Low-melting alloys: Rose alloy, Wood alloy and others

Since this site is devoted to metallography, it is natural that here we are interested in the use of Wood's alloy in metallographic preparation , i.e. sample preparation. How is it used and what is its structure?

Wood's alloy is presented on many websites on the Internet. As a rule, the information on them is repeated. The composition, physical properties, history of creation are given. Its low melting point is noted. Mention is made of other low-melting alloys. According to Wikipedia, Wood's alloy is a heavy fusible alloy, invented in 1860 by the English engineer Barnabas Wood. Melting point 68.5 °C, density 9720 kg/m³. Composition (wt.%): tin - 12.5; lead - 25; bismuth - 50; cadmium - 12.5. It is used in precision casting, in bending operations of thin-walled pipes, as lost-wax rods in the manufacture of hollow bodies by electroforming, for pouring metallographic sections , in fire alarm system sensors, as a low-temperature heating bath in chemical laboratories, etc.
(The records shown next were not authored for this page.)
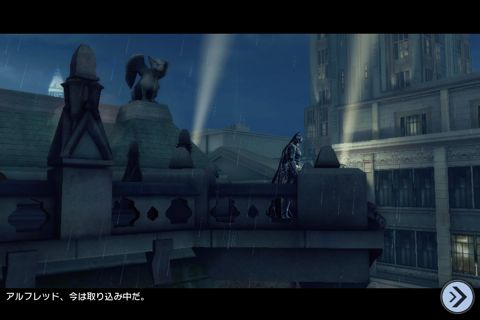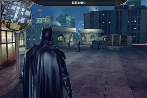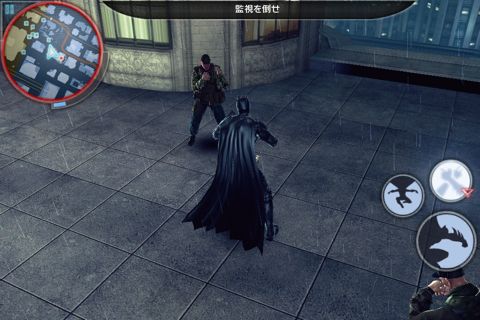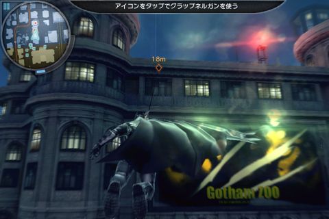 バットマンのアイテム、グラップネルガンも登場します。アイコンをタップして、屋上へと行きましょう。
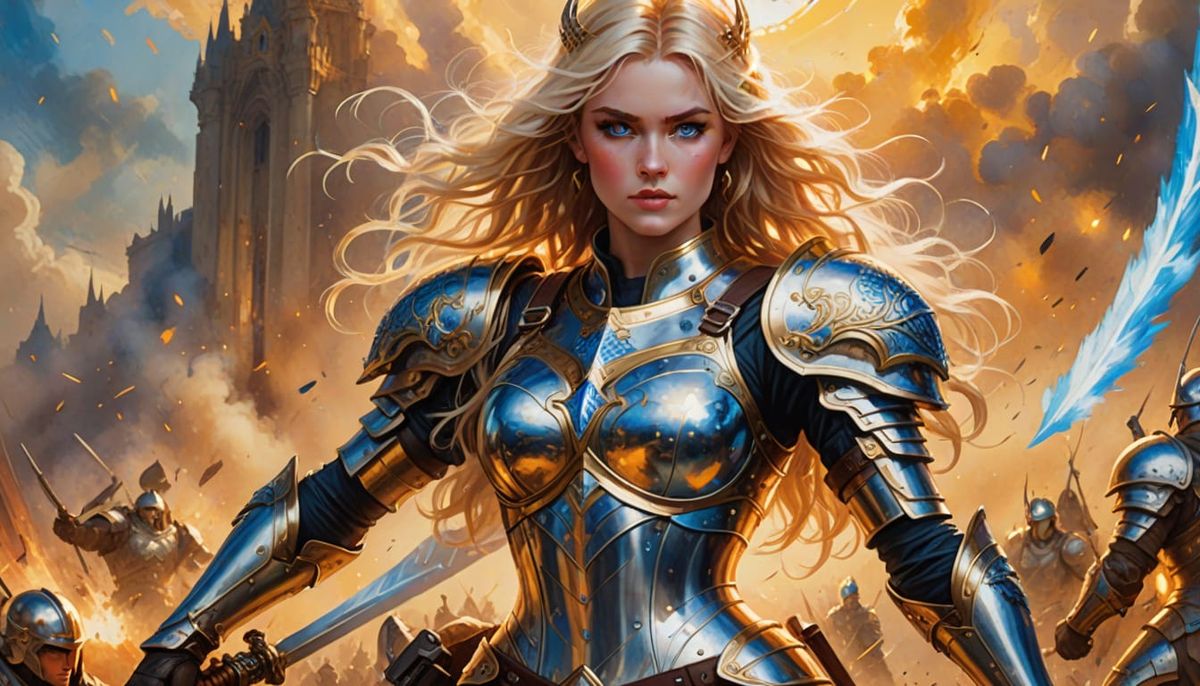 This stunning painting depicts a blonde valkyrie standing heroically amidst a battlefield, bathed in golden light that shines through the smoke. Created in a vibrant splash-art watercolor style reminiscent of Romanticism, this masterpiece showcases refined elegance and incredible detail.
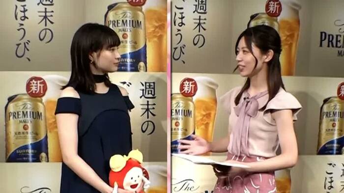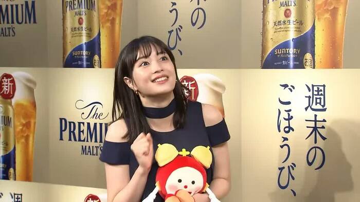 広瀬すずさんが7月10日、イメージキャラクターを務める「ザ・プレミアム・モルツ」新メッセンジャーお披露目会に出席しました。
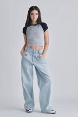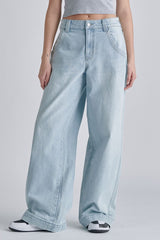Keep things cool and casual in the new Mid Waisted Ombre Y2K Skater Jean from Cello. These ultra-cool mid to low-rise jeans come in a classic medium wash and feature a longer stacked inseam that is baggy throughout the leg for an extra comfy fit.
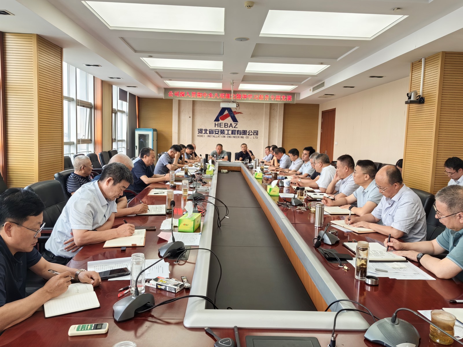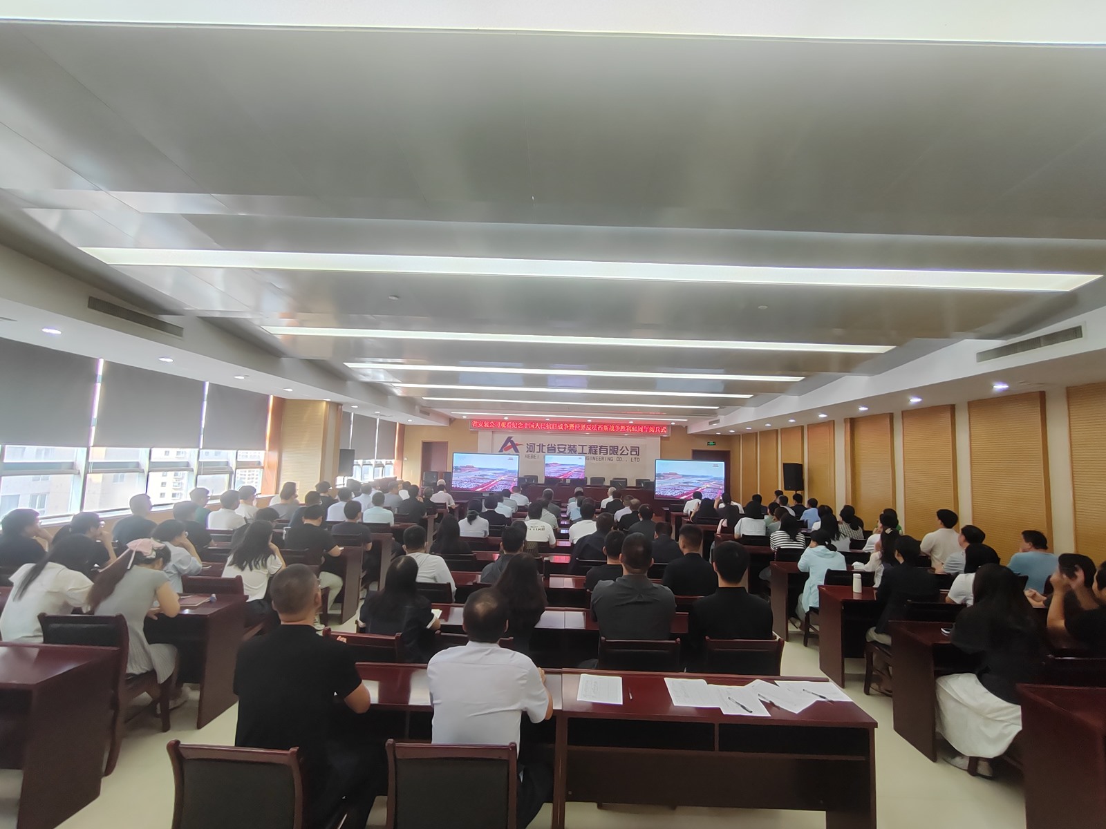 2025年9月3日,為紀念中國人民抗日戰(zhàn)爭暨世界反法西斯戰(zhàn)爭勝利80周年,河北省安裝工程有限公司積極組織職工集中觀看閱兵盛況直播。公司機關(guān)及各分公司、項目部共計2000余人通過多種方式同步參與,共同回顧歷史、緬懷先烈、展望未來。上午9時,習(xí)近平總書記發(fā)表重要講話,9時19分大閱兵正式開始,公司機關(guān)及各分公司、項目部會議室座無虛席,職工們們整齊地坐在屏幕前,神情莊重地注視著電視畫面。在閱兵式過程中,

The metallographic applications and structure of Wood's alloy are little discussed on the Internet. There are no illustrations either.

Origins of the alloy

This low-melting alloy of heavy metals owes its appearance and name to the American dentist Barnabas Wood, who discovered its composition in 1860. It should be noted that the very fact of obtaining a low-melting alloy was not something unique, since back in 1701 Newton obtained a similar alloy, but without the use of cadmium. Thus, Newton's alloy consisted of 50% bismuth (Bi), 31.2% lead (Pb) and 18.8% tin (Sn).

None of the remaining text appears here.